[TRY IT] Please copy, exactly as written, the span from the first line below to the line that contains "While you color", including both, and skip the pictures.

------------------------------------

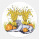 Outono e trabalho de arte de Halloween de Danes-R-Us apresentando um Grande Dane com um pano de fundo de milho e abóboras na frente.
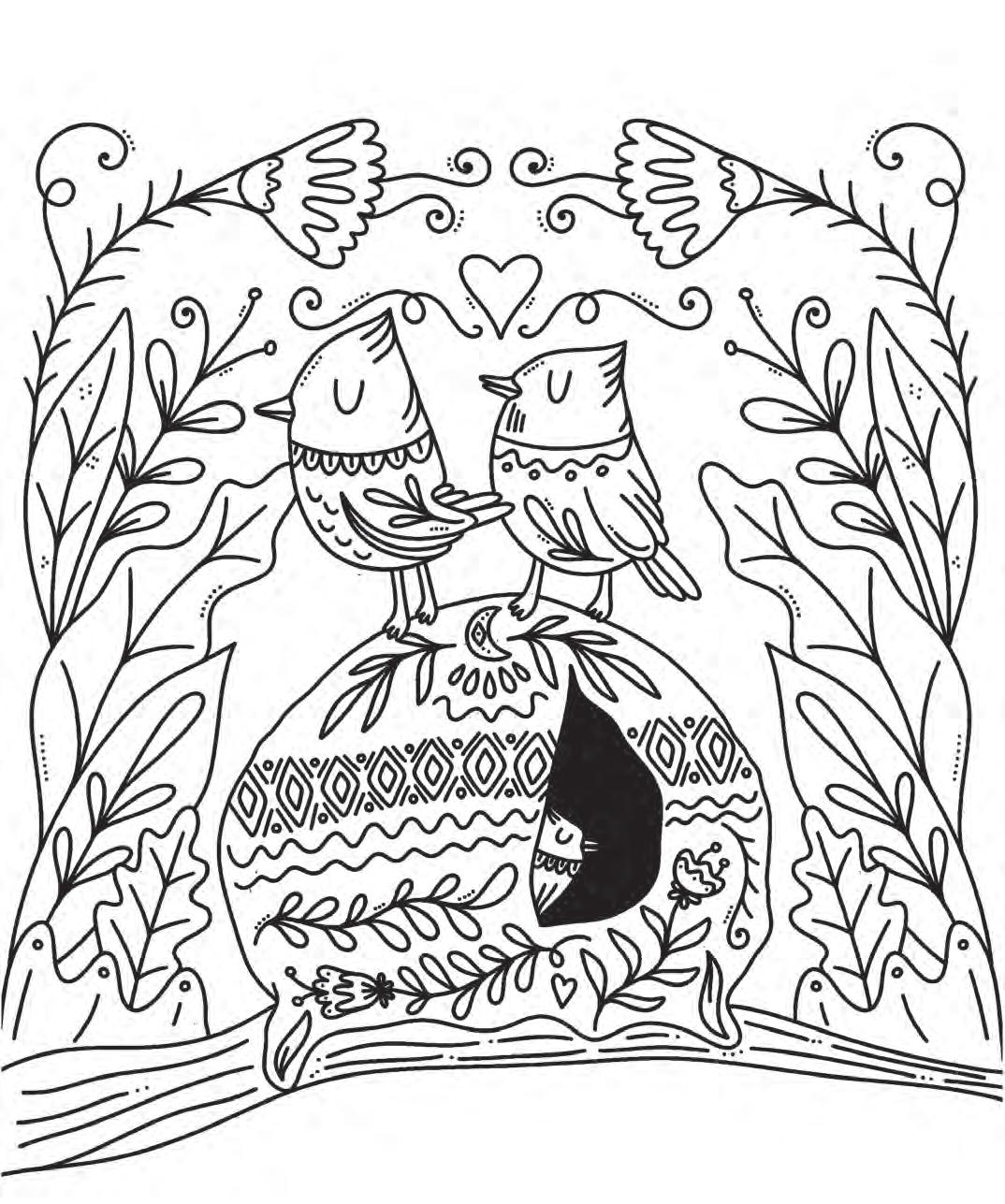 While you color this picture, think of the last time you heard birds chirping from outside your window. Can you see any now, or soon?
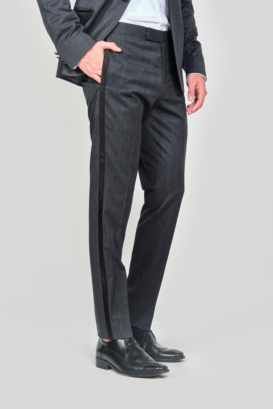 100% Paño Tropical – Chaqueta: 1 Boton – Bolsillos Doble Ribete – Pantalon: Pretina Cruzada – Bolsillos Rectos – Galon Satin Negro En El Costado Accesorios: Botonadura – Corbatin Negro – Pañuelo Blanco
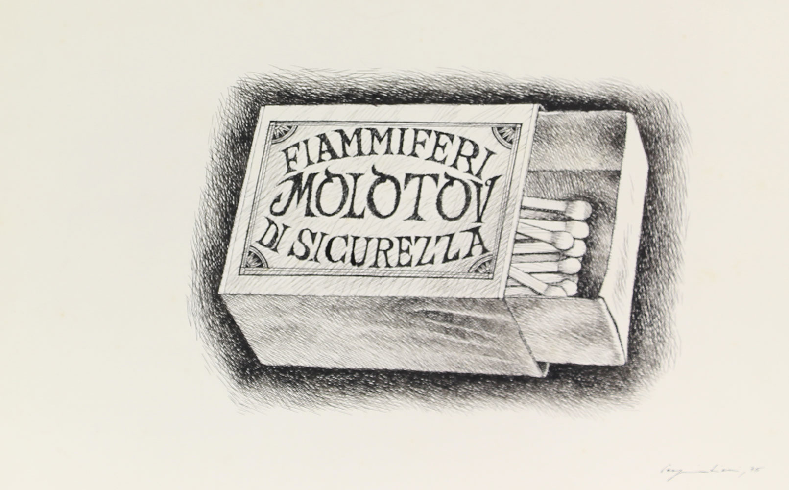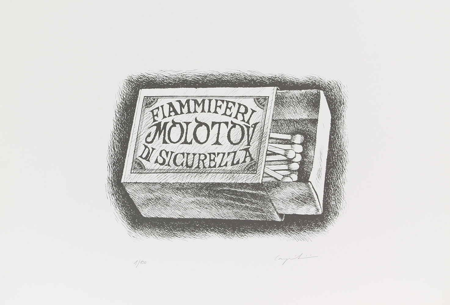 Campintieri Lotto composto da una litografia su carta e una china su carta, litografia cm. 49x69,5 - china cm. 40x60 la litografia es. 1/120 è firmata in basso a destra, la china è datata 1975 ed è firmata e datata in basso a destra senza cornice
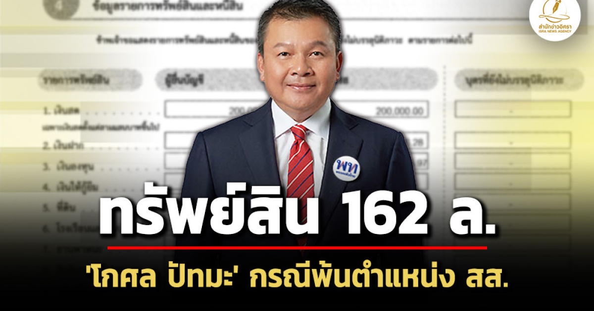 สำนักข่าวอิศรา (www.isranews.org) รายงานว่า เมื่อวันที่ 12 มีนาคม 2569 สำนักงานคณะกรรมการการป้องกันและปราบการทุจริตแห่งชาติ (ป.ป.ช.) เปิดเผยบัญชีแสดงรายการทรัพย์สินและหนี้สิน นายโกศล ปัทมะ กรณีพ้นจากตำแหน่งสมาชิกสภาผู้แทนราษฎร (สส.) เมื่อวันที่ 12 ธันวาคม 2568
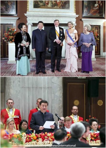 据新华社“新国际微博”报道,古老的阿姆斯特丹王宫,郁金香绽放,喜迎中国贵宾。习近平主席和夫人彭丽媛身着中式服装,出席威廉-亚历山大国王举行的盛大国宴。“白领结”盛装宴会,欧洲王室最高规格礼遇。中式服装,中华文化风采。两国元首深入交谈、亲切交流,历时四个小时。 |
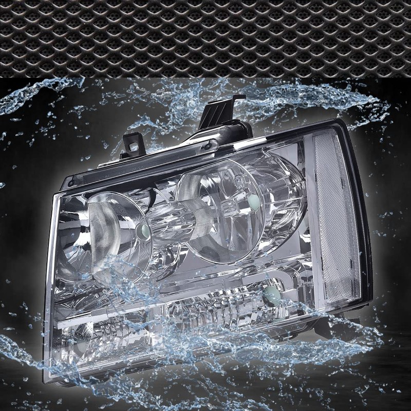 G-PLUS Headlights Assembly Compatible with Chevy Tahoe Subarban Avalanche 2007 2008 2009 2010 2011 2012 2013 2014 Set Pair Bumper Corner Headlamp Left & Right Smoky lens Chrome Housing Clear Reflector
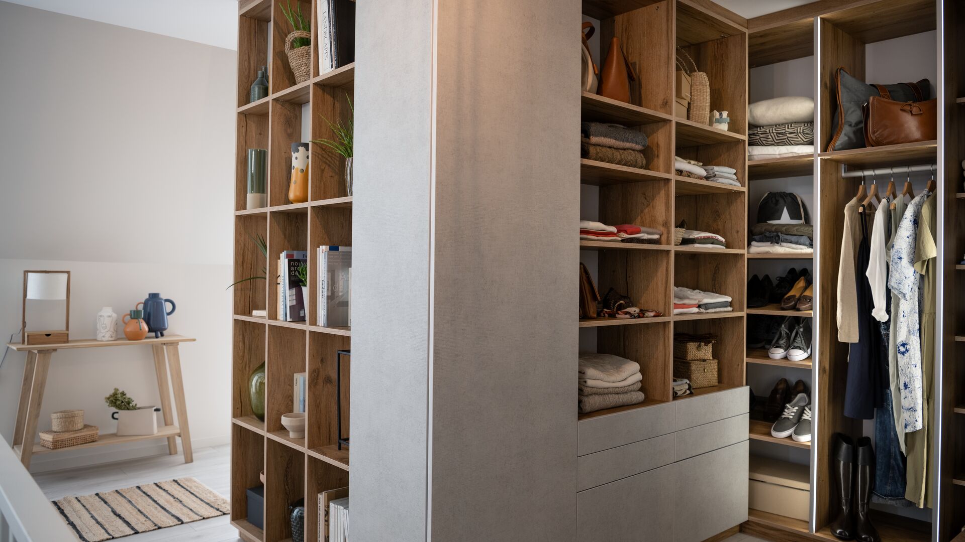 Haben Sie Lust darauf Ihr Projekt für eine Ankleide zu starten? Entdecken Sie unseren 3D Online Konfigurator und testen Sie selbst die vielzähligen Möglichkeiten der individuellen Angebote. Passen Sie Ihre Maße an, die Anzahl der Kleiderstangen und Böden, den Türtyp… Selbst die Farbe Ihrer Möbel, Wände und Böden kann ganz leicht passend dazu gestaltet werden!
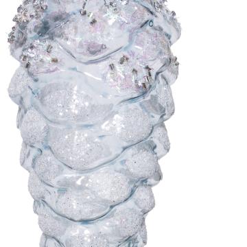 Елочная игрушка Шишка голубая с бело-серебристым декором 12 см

------------------------------------

[WRITTEN ANSWER]
 Outono e trabalho de arte de Halloween de Danes-R-Us apresentando um Grande Dane com um pano de fundo de milho e abóboras na frente.
 While you color this picture, think of the last time you heard birds chirping from outside your window. Can you see any now, or soon?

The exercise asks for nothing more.